= Gaius Cornelius Cethegus (conspirator) =

Roman politician

Gaius Cornelius Cethegus (died 63 BC) was a Roman senator and politician who participated in the second Catilinarian conspiracy of June 64 BC.

==Life==
Despite coming from the illustrious Cornelia gens, he had a mediocre political career.

Like many other youthful profligates, he joined Catiline's conspiracy in the hope of getting his debts cancelled. When Catiline left Rome in 63 BC, Cethegus remained behind as leader of the conspirators with Publius Cornelius Lentulus Sura. He himself undertook to murder Cicero and other prominent men, but was hampered by the dilatoriness of Sura, whose age and rank entitled him to the chief consideration.

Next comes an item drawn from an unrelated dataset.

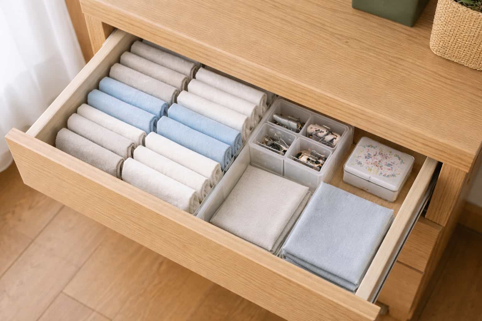 引き出しを整えるときは、布類の列と小物の置き場を分けるだけでも印象がかなり変わってきます。

On 3 December 63 BC, the consul Cicero made public several letters from the conspirators inciting the Gallic Allobroges to revolt. One of these had been written and signed by Cethegus, implicating him beyond doubt. He was arrested and moved to the Temple of Concord, then put under house arrest in the home of a trusted senator, Quintus Cornificius. Cicero's allies discovered a cache of swords and daggers in Cethegus' house meant for the conspirators' use. A debate in the Senate as to whether to execute the conspirators ended in the decision to do so; and Cethegus and the others were strangled in the Tullianum prison on 4 December.